I wanted performance improvements to Dhall for my own improvements (a 3000-line file admittedly), but with the intention to create a Dhall language server I think this might become more important - being able to normalize expressions within the editor would be really cool.

One of the notable areas for improvement is interning identifiers prior to doing anything with typechecking or normalization. Basically, this would entail creating an IntMap storing the user’s identifiers (stored as `Text); then comparisons between identifiers would be much faster - since compilers contain many such comparisons it would hopefully improve performance of normalization a good deal.

I don’t quite have the time to implement this now (though I may be interested in implementing it in the future) but I figured I’d ask: is there any interest in interning identifiers in the Haskell implementation? It would be a big project so I would want buy-in from those who would be reviewing a future pull request.


In regard to Dhall language server, the question that concerns me a lot is the size of the dhall programs that people use. Since dhall being used mostly for templating, the size of resulting dhall program with all imports inlined could be huge. What is worse I think even the sheer byte size of type info can be quite large. This might be “OK” in a command mode, but a LSP server must run continuously, can have multiple files open, and on top of that it is preferrable to have large number of intermediate caches, to speed up compilation (I think user would expect at least <1s delay). And refactoring support or type hints or advanced goto definition are totally dependant on LSP having complete type-checked AST in memory.

So from my standpoint this issue is extremely relevant. I don’t know, but maybe with quick normalization we might be able to cache not only simple things like strings in compiler but entire sub-expressions which sounds a pretty cool thing.

Note, I’m myself Dhall noobie, don’t take my answer too seriously.

(Gabriel Gonzalez) #3

I believe NbE type checking + conversion checking will solve these performance issues when that work is completed

(Vanessa McHale) #4

Yeah. I’m not even sure how LSP integration would work given that there’s such reliance on HTTP & whatnot. But it’s something I am interested in.

I think Dhall does rely quite heavily on large files… not sure how to solve that, though.

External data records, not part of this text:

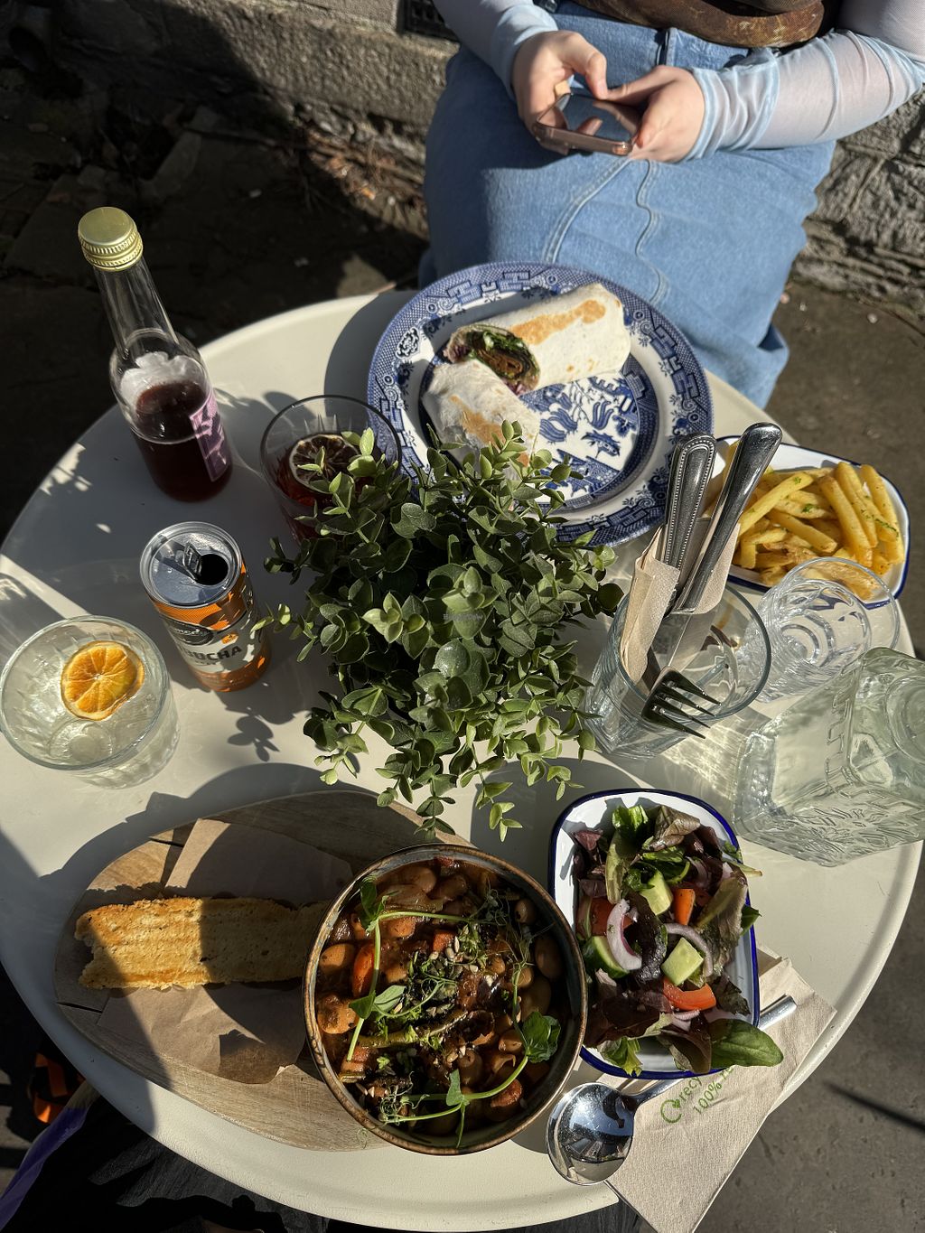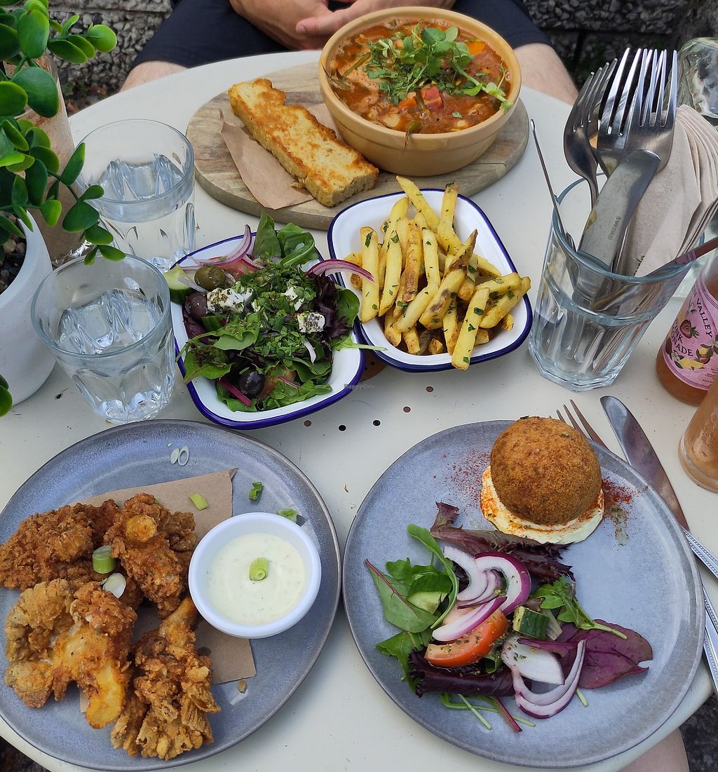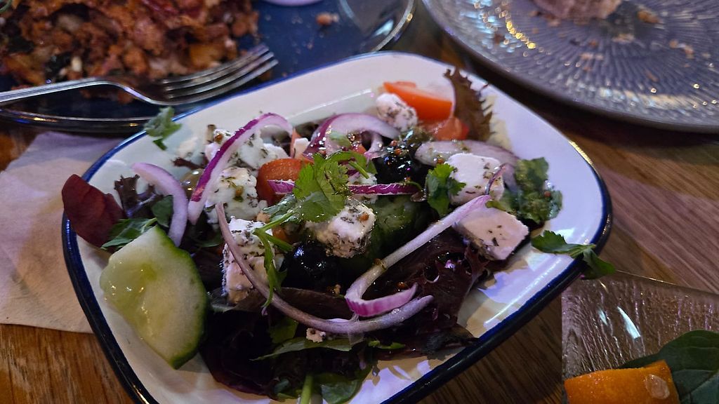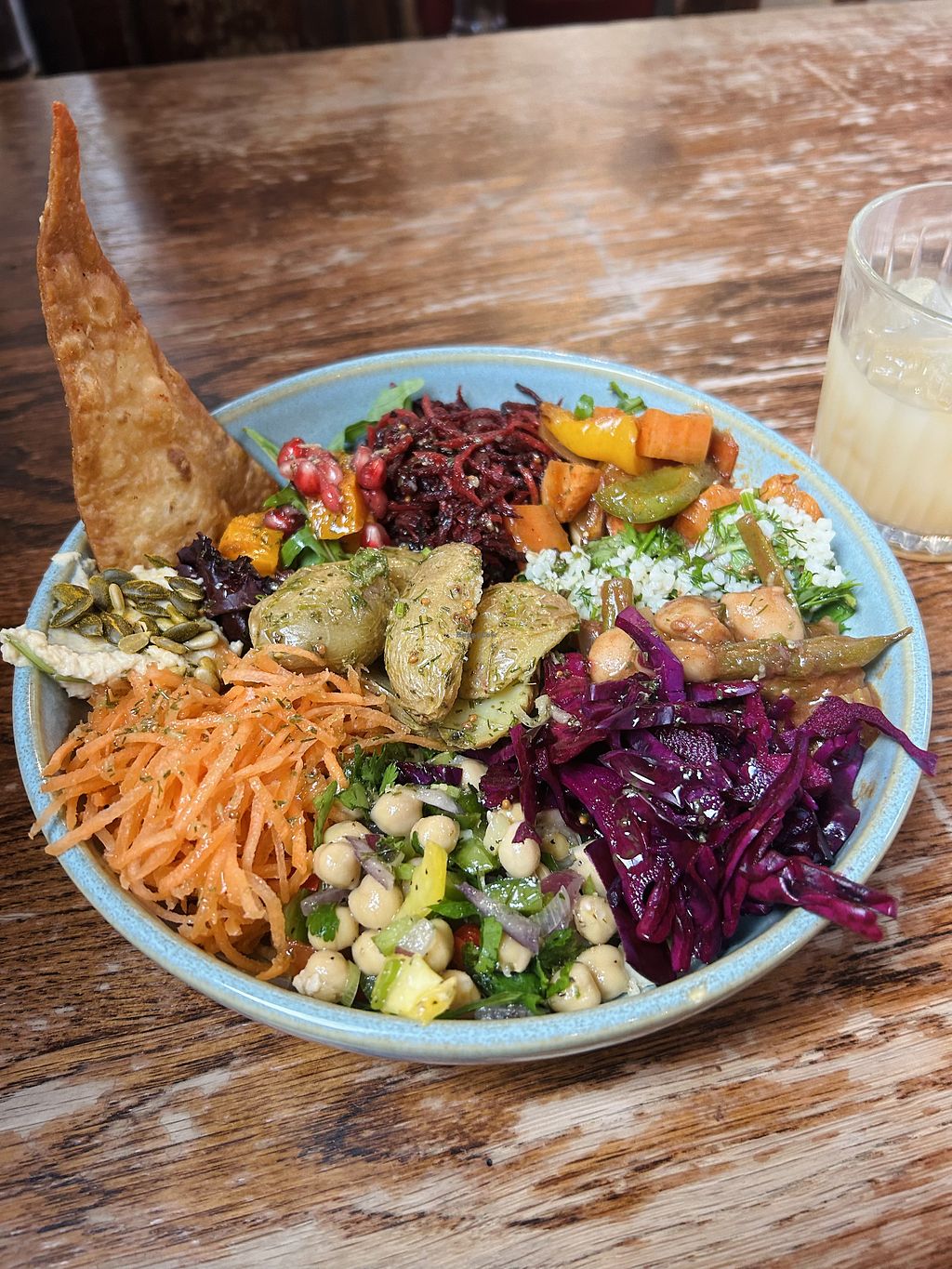 Greek bowl, garlic parsley fries and beet falafel wrap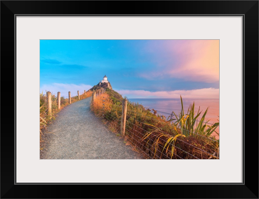 <p>Nugget Point lighthouse at sunset. Ahuriri Flat, Clutha district, Otago region, South Island, New Zealand.</p>
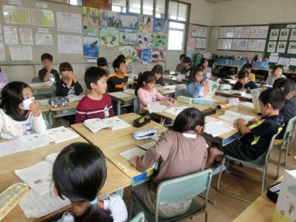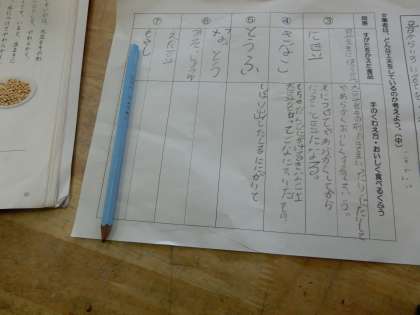 「すがたをかえた大豆」という説明文の中に、いろいろなすがたに変身していく食品が出ています。ワークシートに整理してまとめていきます。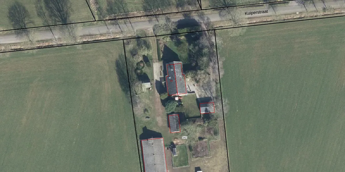 Het perceel waarop Kuiperstraat 1-a staat heeft een oppervlakte van 4830 m². Dit is een zeer groot perceel. De perceeloppervlakte wordt geregistreerd door het Kadaster. Gedetailleerde informatie over de maten van dit perceel kunt u vinden in het rapport Kadastrale kaart met maatvoering van Kuiperstraat 1-a.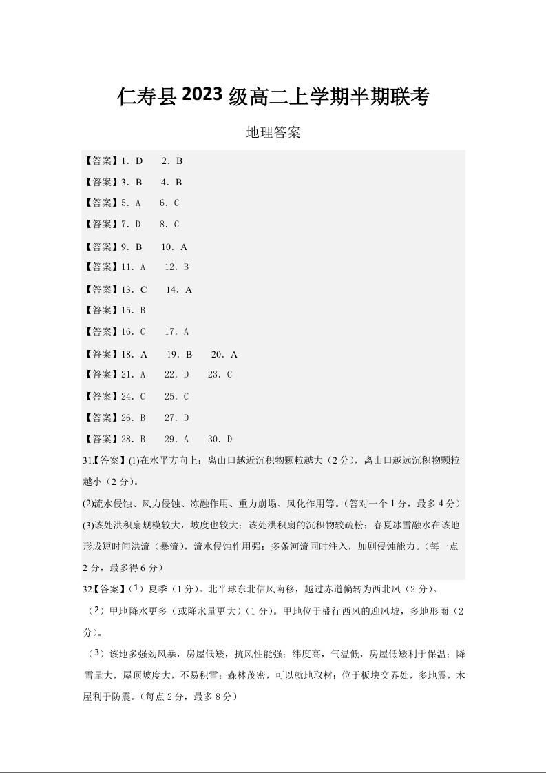 四川省眉山市仁寿县2024-2025学年高二上学期11月期中联考地理答案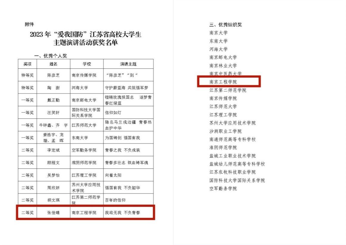 近日,2023年“爱我国防”江苏省高校大学生主题演讲活动在南京落下帷幕,太阳集团电力工程学院2021级本科生张佳晴荣获优秀个人奖二等奖,学校获优秀组织奖。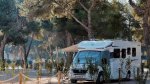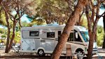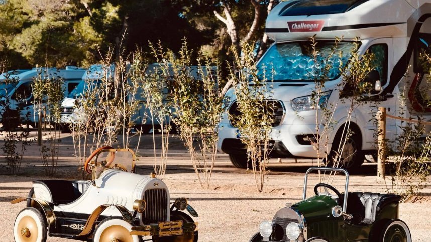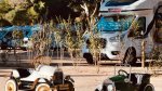 This large, pine-covered site beside fields of vines is 900 m. from the beach, close to the pleasant town of Sitges. This is an attractive resort with seaside entertainments and is well worth exploring. The site has 526 pitches, many of which are occupied by seasonal caravans or chalets but are separate from the touring area. A central area on dusty, baked earth beneath the trees is devoted to touring caravans and a corner of the site has 28 pitches with water, mainly used for large motorhomes. All have 6A electricity (Europlugs). There is an open field for tents. A cosy, refurbished bar and restaurant with a small terrace offers a varied menu.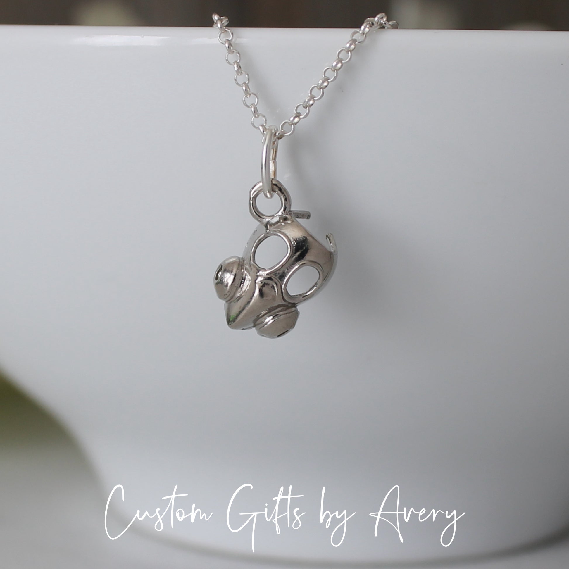 Tiny Sterling Silver Gas Mask Necklace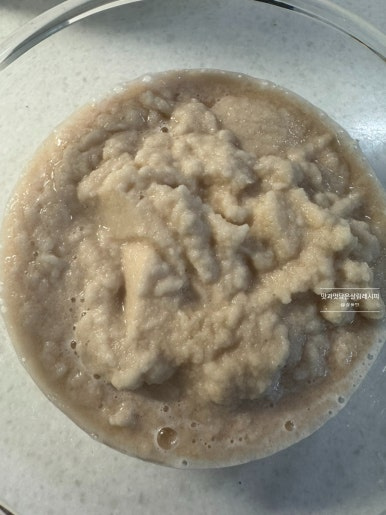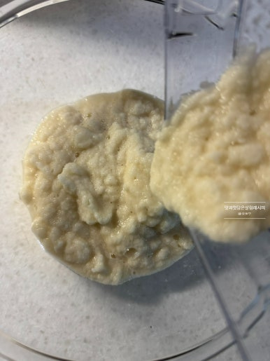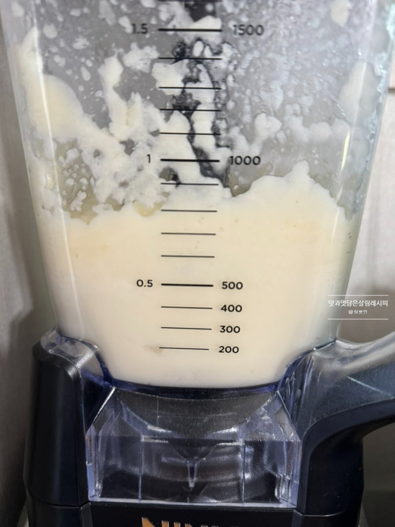 곱게 갈아줍니다. 대략 1분 30초 갈아주니 덩어리 없이 부드럽게 잘 갈아졌어요.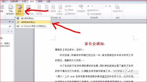 在“选择收件人”下拉菜单中,选择“利用现有列表”。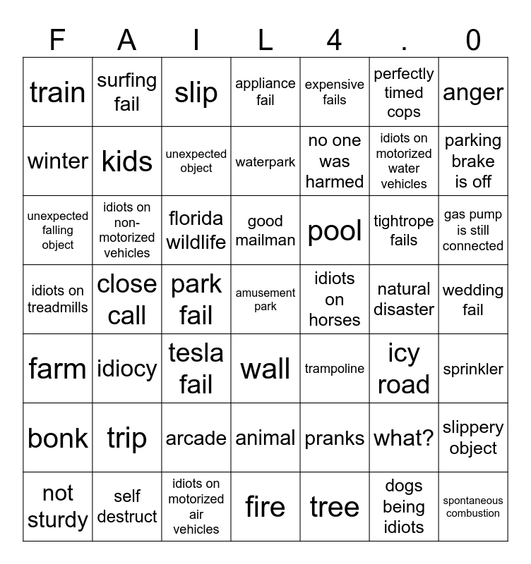 This bingo card has 83 words: not a fail, animal, slip, self destruct, microwave fails, idiots in motorized land vehicles, trip, how?, bonk, fire, water, glass, anger, parking brake is off, poor quality, train, gas pump is still connected, perfectly timed cops, crash, wall, sprinkler, kids, idiots on motorized water vehicles, phone, no one was harmed, thunder, tree, spontaneous combustion, bad mailman, sports, florida wildlife, animal jumpscare, trampoline, waterpark, amusement park, natural disaster, close call, blindfold, unexpected object, idiots on non-motorized vehicles, idiocy, icy road, nut shot, cooking, not sturdy, slippery object, surfing fail, pranks, gym fail, tire, pool, appliance fail, unexpected falling object, hail, heavy downpour, fishing fails, tesla fail, electrical fail, idiots on treadmills, idiots on swings, arcade, snowboarding fails, birthday fails, expensive fails, gymnastic fails, tightrope fails, unexpected collapse, farm, vr, furniture, no one was harmed when someone was harmed, what?, wind, good mailman, park fail, work, dogs being idiots, winter, wedding fail, idiots on horses, idiots on motorized air vehicles, explosion and camerman laughing.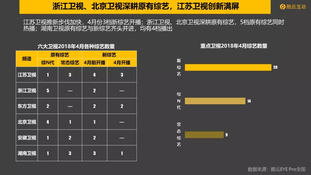 2. 4月,江苏卫视推新步伐加快,强势开播3当新综艺;浙江、北京卫视更看重原有综艺,5档原有综艺持续热播;湖南卫视原有综艺与新综艺齐头并进。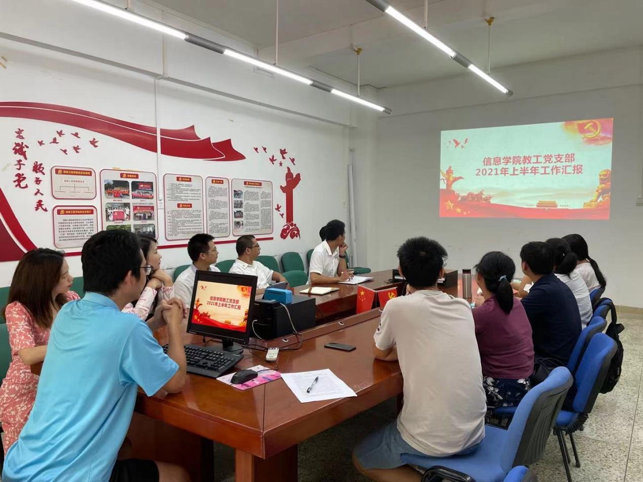 会议第一项,由梁奂晖代表支部委员会报告半年来党支部工作情况。梁奂晖从“主要工作成绩亮点”、“主要问题”、“认识和努力方向”三个方面向全体党员汇报了2021上半年教工党支部工作情况。

Well http is less of a problem, because we can rely on perfect caching. As long as sha sum hasn’t changed we can keep file in the local cache forever. Even if that’s not the case with some meaningful timeout the problem can be mitigated.

(Gabriel Gonzalez) #6

I think @vmchale has a point that the LSP performance will deteriorate if the code has any remote imports that aren’t protected by a semantic integrity check. The main solutions I can think of are:

  • Make it easier to use semantic integrity checks within the IDE (which the Google Summer of Code project does propose)
  • Imperfectly cache imports for an IDE session with an option to invalidate the cache or automatically expire after some duration
  • Debounce requests so that imports aren’t fetched as often

My preference is probably to lean on semantic integrity checks and make them easier to use within an IDE because I think in most cases pinning a remote import is the right thing to do anyway.